“When you have your first baby, you worry about everything. When you have your second baby… you worry about the first baby.”
I don’t know where I first heard that, but I was pregnant with my second and there was a constant hum about how different everything is with baby number two.
If the cliché of becoming a parent is, “It changes everthing.” The cliché of having a second baby is closer to, “It ain’t nothing but a thang.”
In those early days of life as a mother of two, I remember feeling intensely worried about my first baby. And I definitely worried very little about the new baby. I had done the baby thing already, so no problem, but the sibling adjustment thing was all new.
I can still see myself sitting on the couch nursing my son and watching my daughter play on the floor, looking so sad and lonely, and thinking, “Why is this strange baby keeping me away from my real kid?”
As the first child and grandchild on both sides, my daughter had been getting too much attention and I looked forward to her sharing the (sometimes literal) stage with a sibling. But watching the withdraw of that attention after my son was born was physically painful for me.

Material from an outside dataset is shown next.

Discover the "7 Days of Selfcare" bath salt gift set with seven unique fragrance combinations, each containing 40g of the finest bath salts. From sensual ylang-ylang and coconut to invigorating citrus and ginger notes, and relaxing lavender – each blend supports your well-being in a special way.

The transition from one kid to two was, for me, as big a life-changing event as the change from pregnancy to parenthood. If not bigger. Seriously.
Two kids is no joke.
Of course, as with all things parenthood, it depends on what you get. I got a very flexible, social first kid who I could take anywhere and a second who wouldn’t let me sleep and had a special knack for finding knives in unexpected places.
Maybe it would be different if I hadn't struggled with post-partum depression after our second was born. But that's the thing about parenting. Once you’re pregnant, you don’t get to choose much of anything. You don't know what you're gonna get.

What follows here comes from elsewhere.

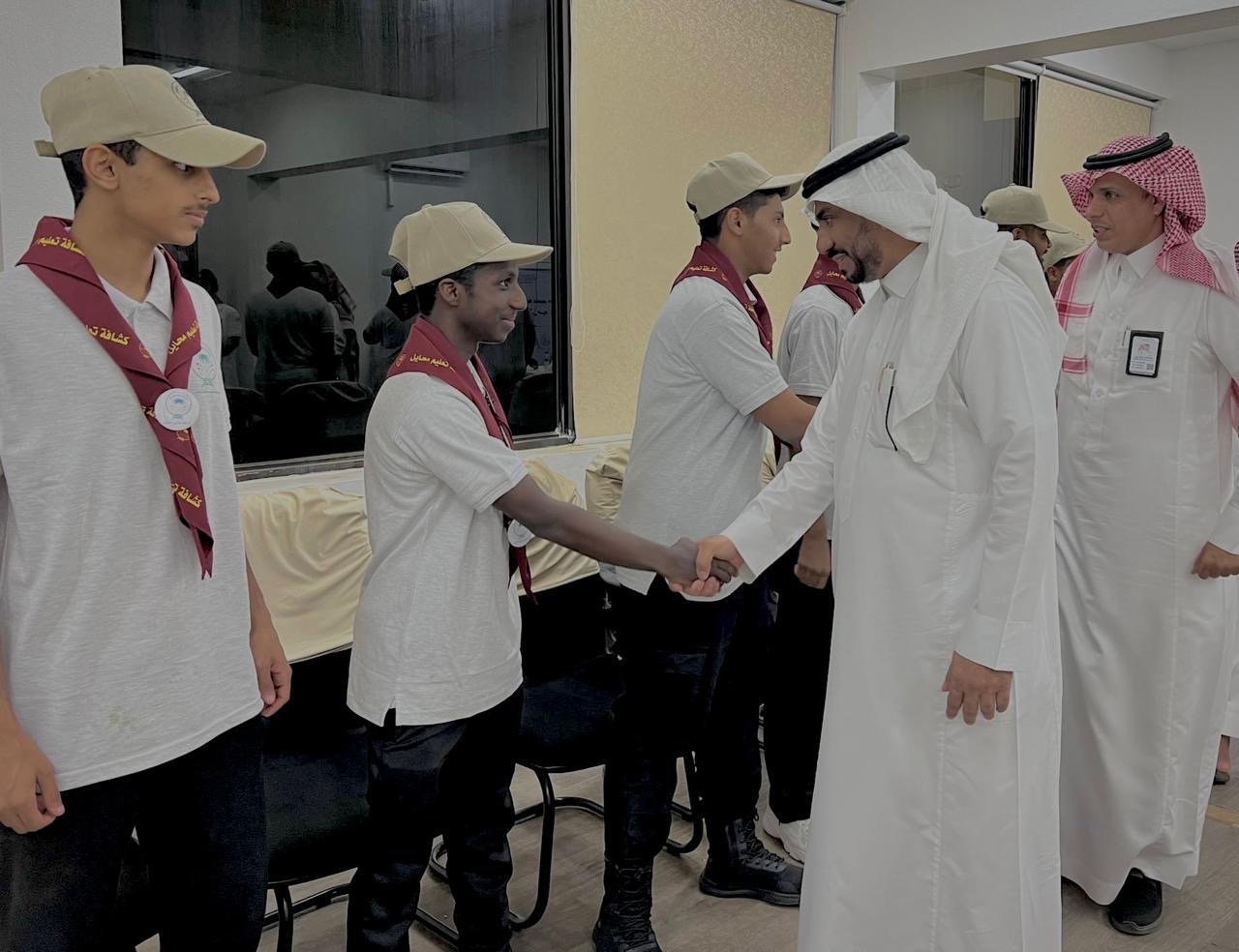 كما حث “مدير التعليم” الطلاب المشاركين في موسم حج هذا العام إلى بذل الجهد والتمثيل الأمثل للكشاف السعودي، لخدمة ضيوف الرحمن وقاصدي بيت الله الحرام مؤكداً أن هذه المشاركات تحظى بدعم وتوجيهات القيادة الرشيدة, ومتابعة مباشرة من وزير التعليم، داعياً الله لهم بأن تكلل جهودهم ومشاركتهم بالتوفيق.

It took me longer to bond with my second baby. I caught myself feeling reluctant to focus on him too much, so as not to hurt my daughter’s feelings. Until I realized how important it is for her to see how much we love him, to watch us loving him. How would she learn to love him if we were holding back? And how long would it last anyway, this pretending the new baby doesn’t change anything?
One day I remember, when my son was still new, I was pissed at my husband and not dealing well with my daughter. So I left them at home and went out alone with my son for the first time.
We went to Nordstrom, which was my happy place as a new mom. It may sounds odd, but they have this lovely ladies room (yes, bathroom) with a comfortable changing and nursing room and another room with cozy couches. There are other moms there, too, and everyone is really sweet and friendly, as if it’s in the air when you enter the room. And when you’re hungry, the in-store restaurant is full of older ladies unfazed by screaming babies. An odd oasis, to be sure, but it was mine.
Changing my son’s diaper in that happy bathroom, looking down at him, feeling free for the first time to be openly affectionate with him, without any worry about anyone else, was one of the first times I felt a strong bond with him. I was just his mom, just changing him and looking at him, and he was so easy to love.
Before I joined their ranks, I remember looking at those cool cucumber moms of two and wondering what happens with the second baby that makes everything look easier than it feels for first time moms.
But, starting with pregnancy, it wasn’t easier for me than the first time. There are all sorts of body parts that are a whole lot stronger with a first pregnancy. I had more aches and pains and what are euphemistically called “symptoms” the second time around. Why does no one tell you these things? Or do we not hear it until we’re there?